Foreword
The world of business is a highly competitive world, a fast moving, mind dazzling, wickedly played game where the players make their own rules to survive and get ahead. It's a self-centered, unsympathetic world where arm twisting, blackmail and violence often take precedence over managerial ability and sound economic principles. A man has to fight tooth and nail in order to stay in the game, but if he wants to win, if he wants to climb up the corporate ladder, it takes more than fighting ability; it takes cunning, charisma, ruthlessness and a capacity for manipulating other people's lives.

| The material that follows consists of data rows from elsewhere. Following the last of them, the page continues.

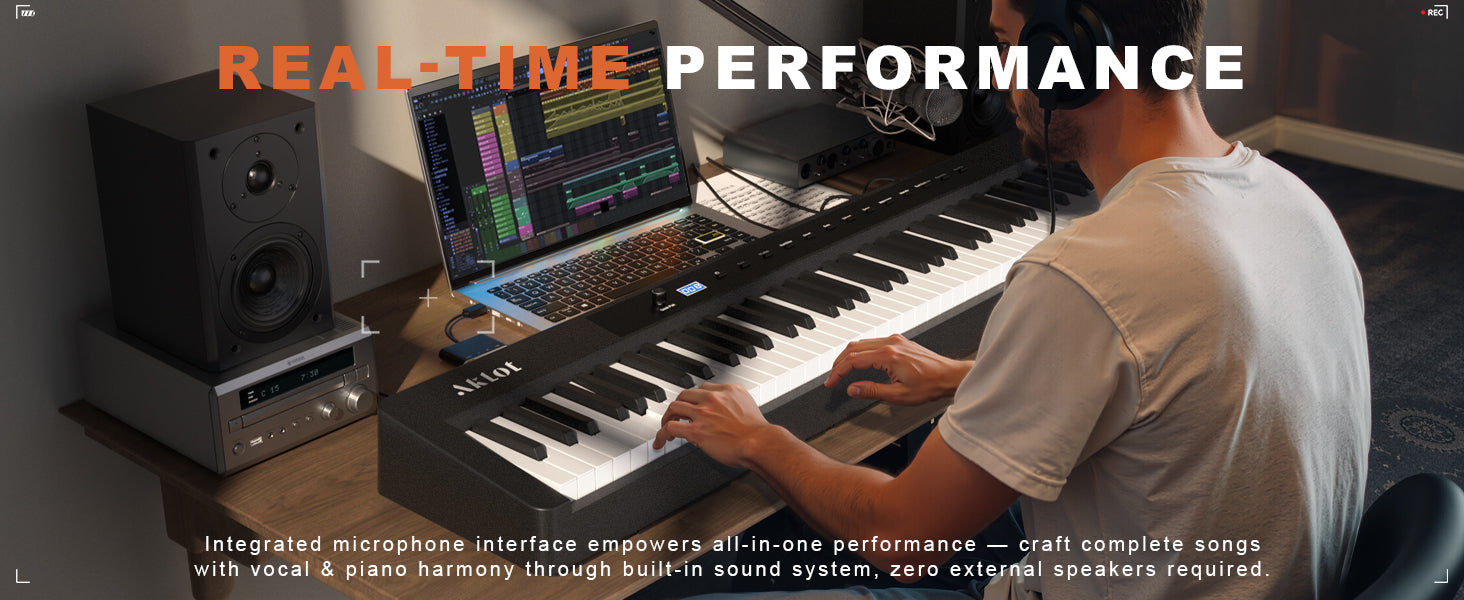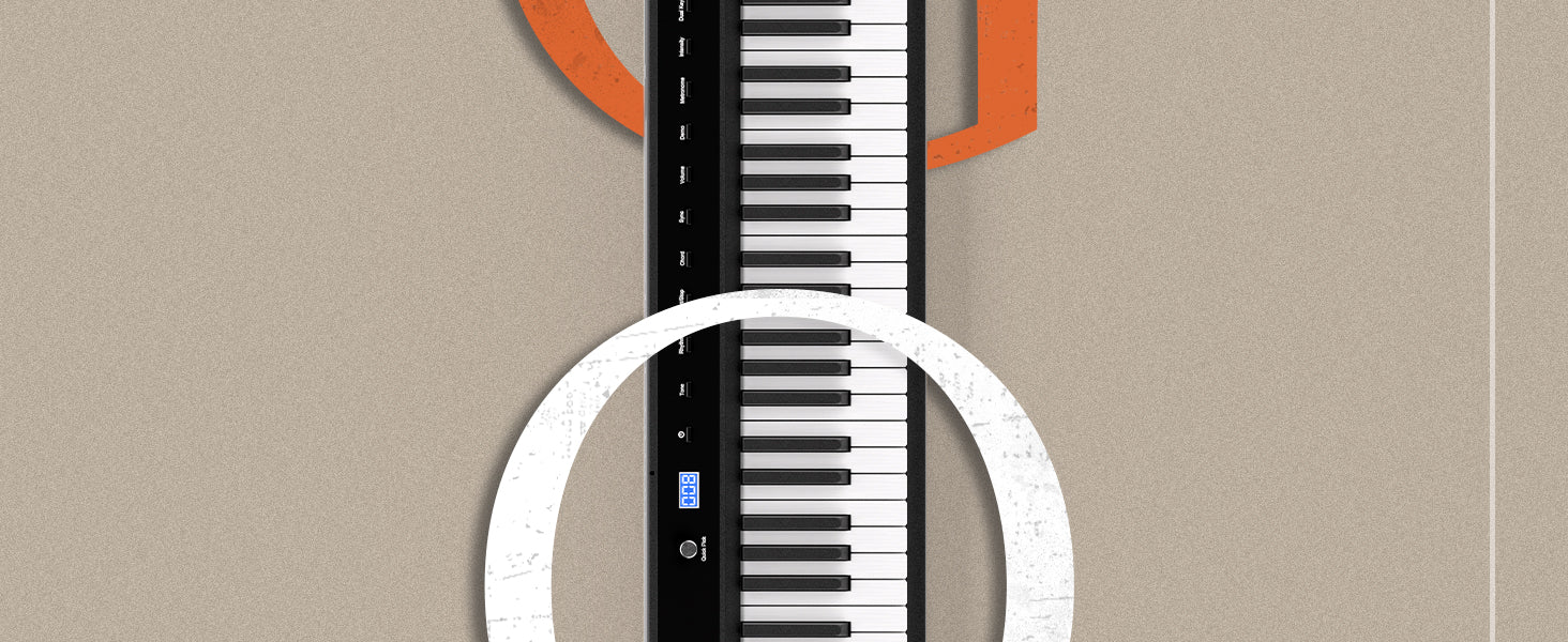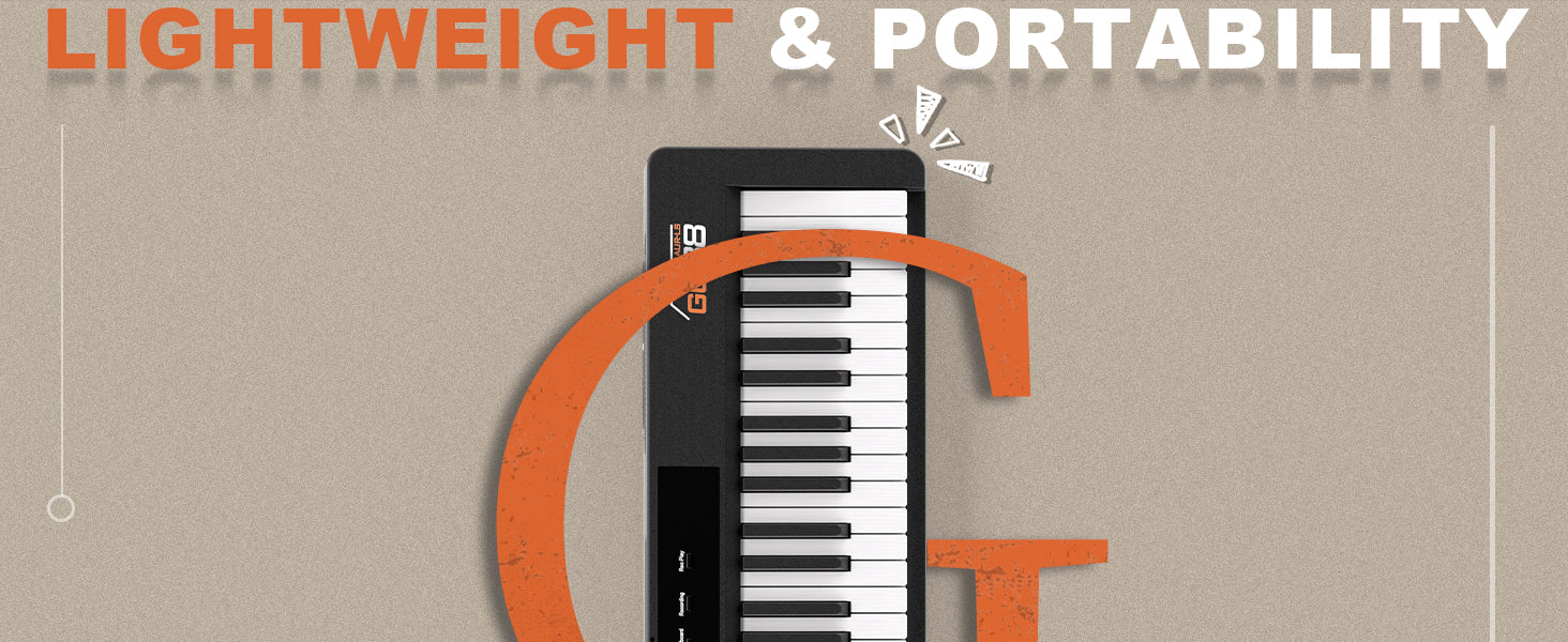 Complete Beginner's Portable Piano Kit: New musicians thrive with our all-inclusive package. Beginner’s piano lesson book, piano keyboard stickers, triple-pedal, keyboard piano cover, studio headphones, and music stand to transform any space into a classroom.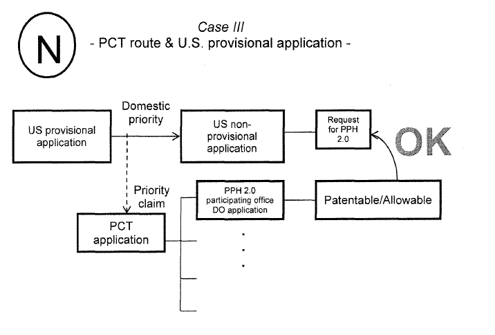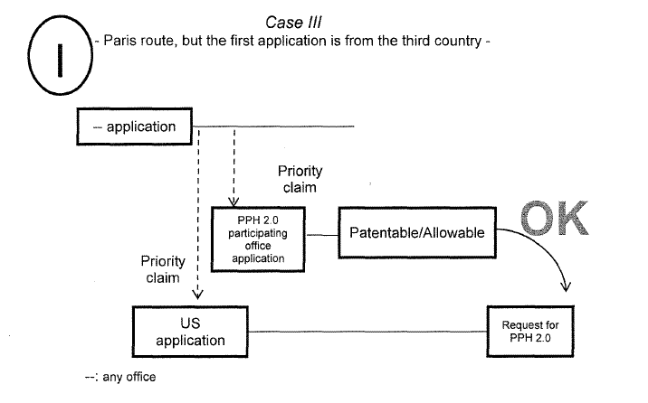 Case III – is an application which shares a common priority document with the application filed in the PPH 2.0 participating office (examples are provided in the ANNEX, Figures H, I, J, K, L, M and N),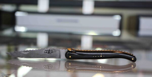 This exceptional knife is a 12 cm 1-piece model, with a ebony handle, with chiselled"vertebra" spring and blade with brass plates. This knife has a skull and crossbones decorated with a brass band instead of a bee. This knife has a. A carbon damascus blade enhances this folding knife.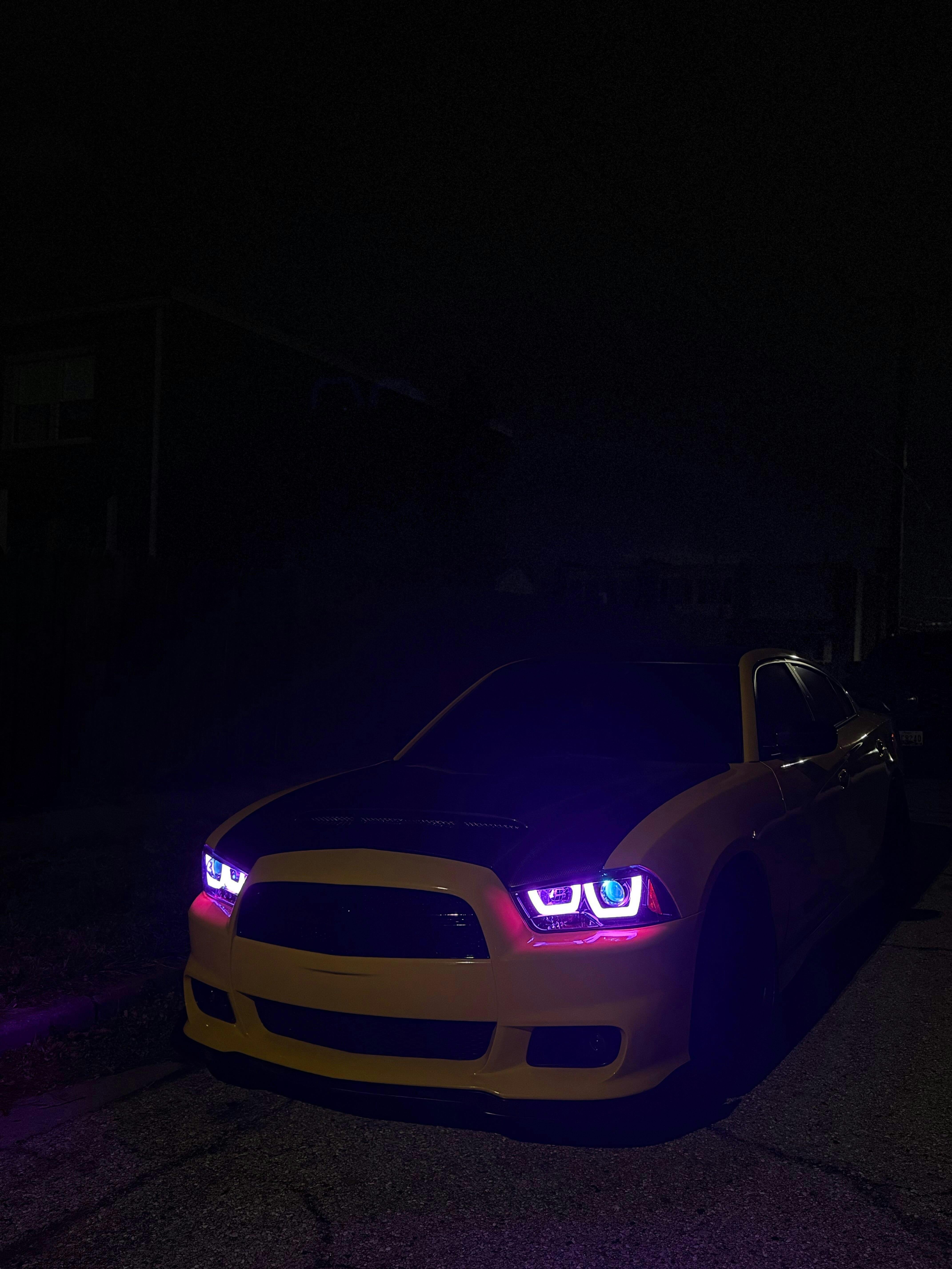 AutoLEDTech.com 's Prebuilt 2011-2014 Dodge Charger Spec-D RGBW Color-Chasing Halo Projector Headlights can change to any solid color, pure white, plus hundreds of moving, flow series patterns! Our prebuilt headlights are your solution to an easy headlight upgrade. These will fit any model 2011-2014 Dodge Charger (SE, SXT, Rallye, RT, SRT8, Super Bee, etc). The original DRL boards are replaced with our custom RGBW Color-Chasing DRL boards that can change to any solid color, PURE white, plus hundreds of moving, color-chasing patterns! Our Sequential Turn Signal/DRL harness can be added to give the DRLs the ability to switch to a sequential amber turn signal as well as a white DRL for driving. Halos can also be installed around the projector if desired. Please contact us if you have any special requests!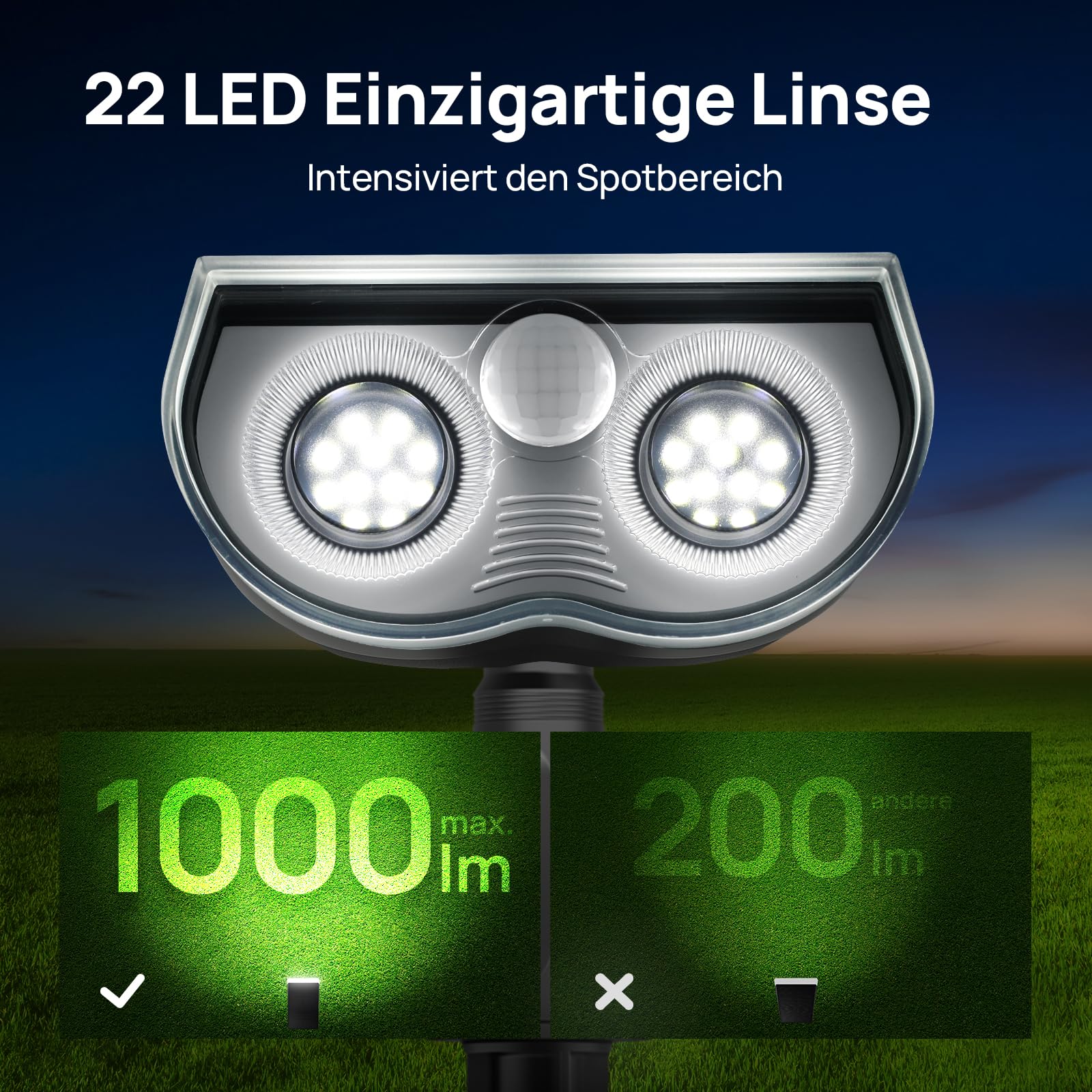 Linkind StarRay Solar Gartenleuchte mit Bewegungsmelder, 6500K Tageslichtweiss Solarlampen für aussen, IP67 Aussen-Wandleuchte mit Dauerlicht, 1000lm Hell Solarstrahler für Garten, Garage, 2 Stk.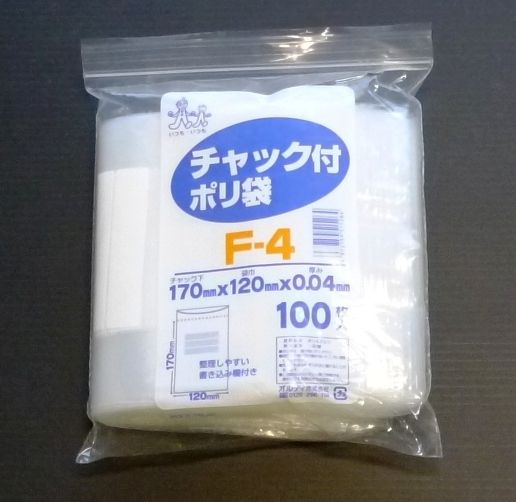チャック付ポリ袋 F-4 0.04×120×170mm 書き込み欄付 100枚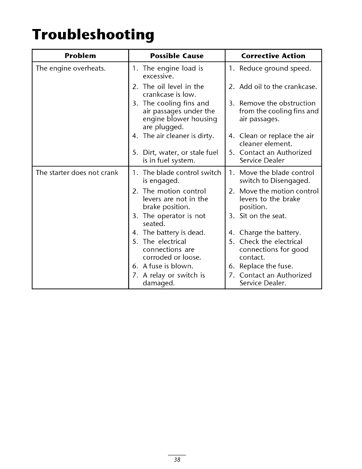 1. Contact any Toro Authorized or Master Service Dealer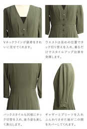 フロントボタンのスタイルは、ジャケットやカーディガンとの相性が抜群で、オフィススタイルからカジュアルなお出かけまで幅広く対応します。また、ウエストタックのデザインがシルエットを美しく演出し、大人の女性にぴったりの一着です。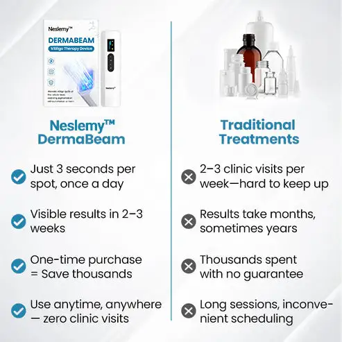 Unlike traditional treatments that require frequent clinic visits and long recovery times, Neslemy™ DermaBeam requires only a few minutes daily — with visible improvements in just weeks. Whether you’re looking to restore skin tone or manage recurring vitiligo symptoms, it offers a simple, effective, and affordable clinical solution at home.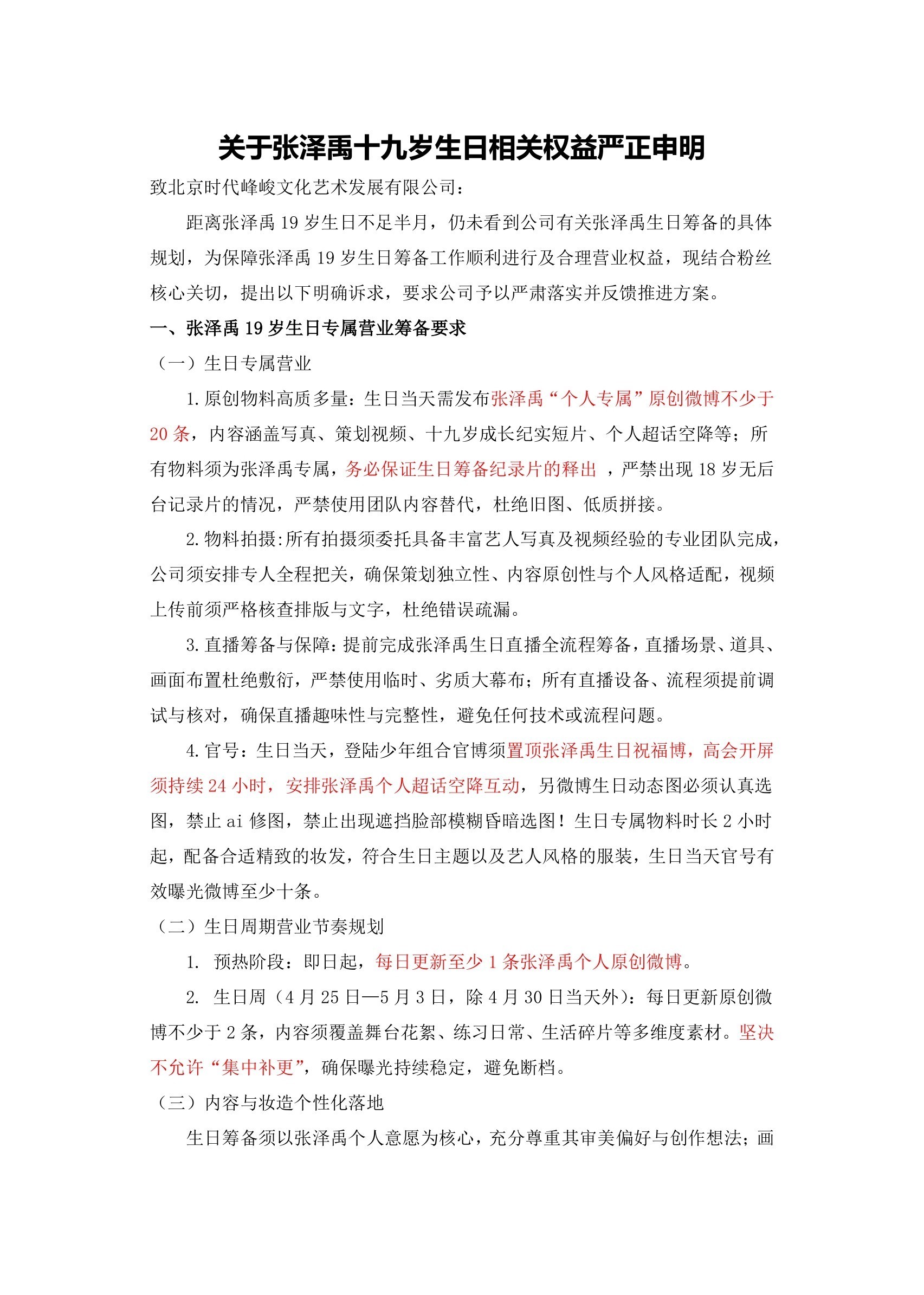 张泽禹生日无预热 张泽禹粉丝发文,4月30日张泽禹即将迎来十九岁生日,但公司目前毫无预热行为也没有任何作为。整个四月只有张泽禹被克扣多条营业博。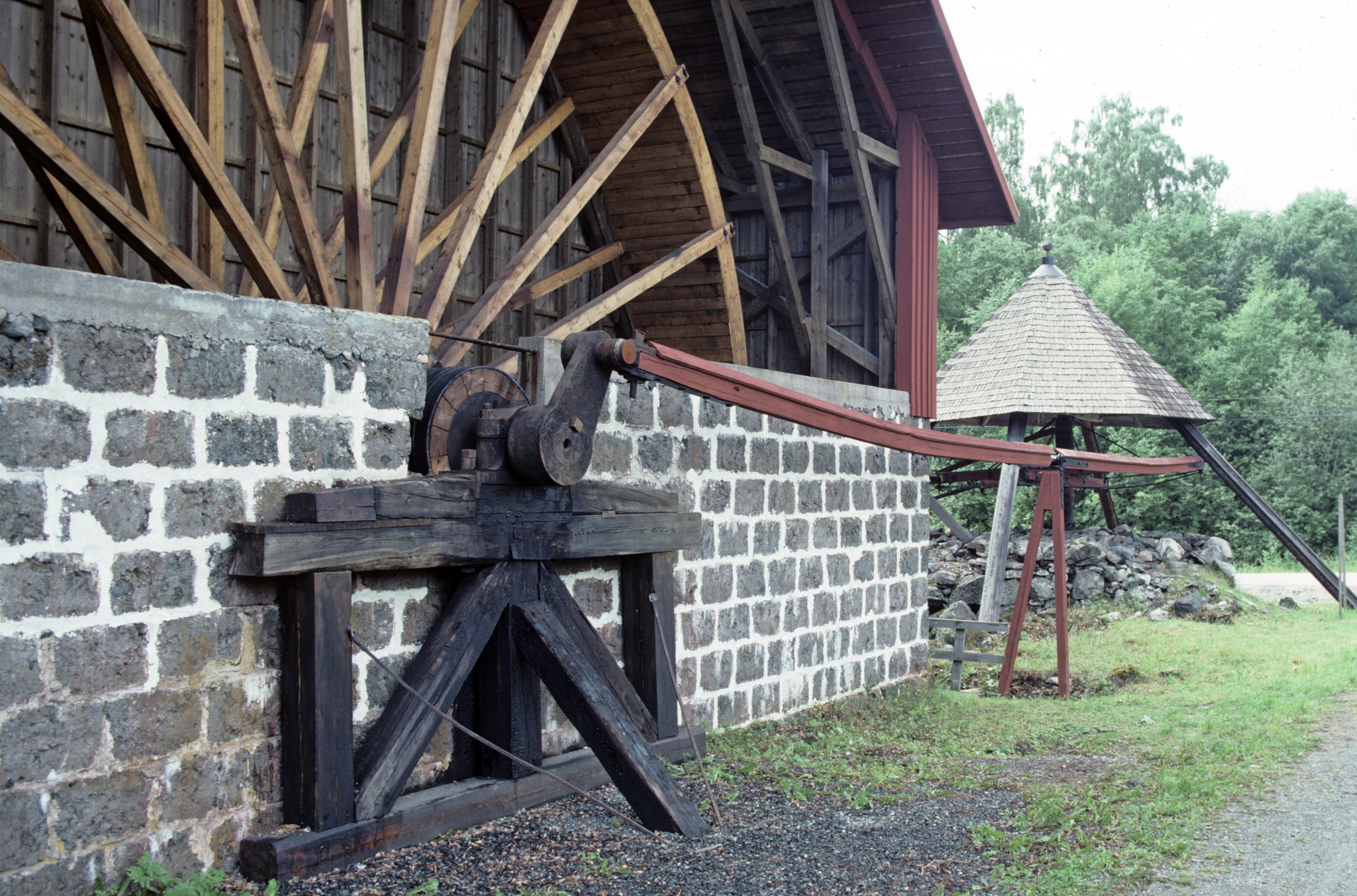 Tabergs konsthjul. Konstgång (upphängda pendlande trästänger). Bilden troligen från mitten av 1980-talet.

The Company Doctor is the story of a man with just such qualifications and the innocent, young girl who has risen within the giant superstructure of his corporation in record time. But his success has been due more than anything else to his ability to satisfy the wives of important customers. Fred isn't content, however, with the executive position he now finds himself in. His ambitions reach all the way to the top - the board of directors - and Stella Swanson, his efficient and unsuspecting secretary, is the person he has singled out to get him one move closer to his goal.
In the story of Stella Swanson and Fred Rodgers we see one of the many examples of how subtle the working rules of the business world can be and how the most modern psychological treatments are used by big companies to their advantage. Our readers will be able to witness and appreciate the pressures put on men and women by trained doctors and psychologists to change their innermost mental structure and even their moral code. Here, under the guise of medical treatment, of relaxation and group therapy, doctors hired by a large corporation manipulate employees' minds for the ultimate goals and pleasures of the corporation executives.
This is a story that reveals some of the psychological horror of our modern, impersonal, computer world and the men and women who, because of ambition, innocence, or weakness, fall prey to it. Possibly its most striking feature is the character development - or deterioration - of the young girl who falls unwittingly into the strangle hold of the corporate establishment. Her only salvation rests in the reader's ability to understand and forgive.
Stella Swanson's story is one of an innocent's descent into hell, a story made even more bone-chilling by the fact that it and other seemingly fantastic tales lurk menacingly, just below the surface of the commercial world. We, The Publishers, are proud to present such a fine expose to our discerning public.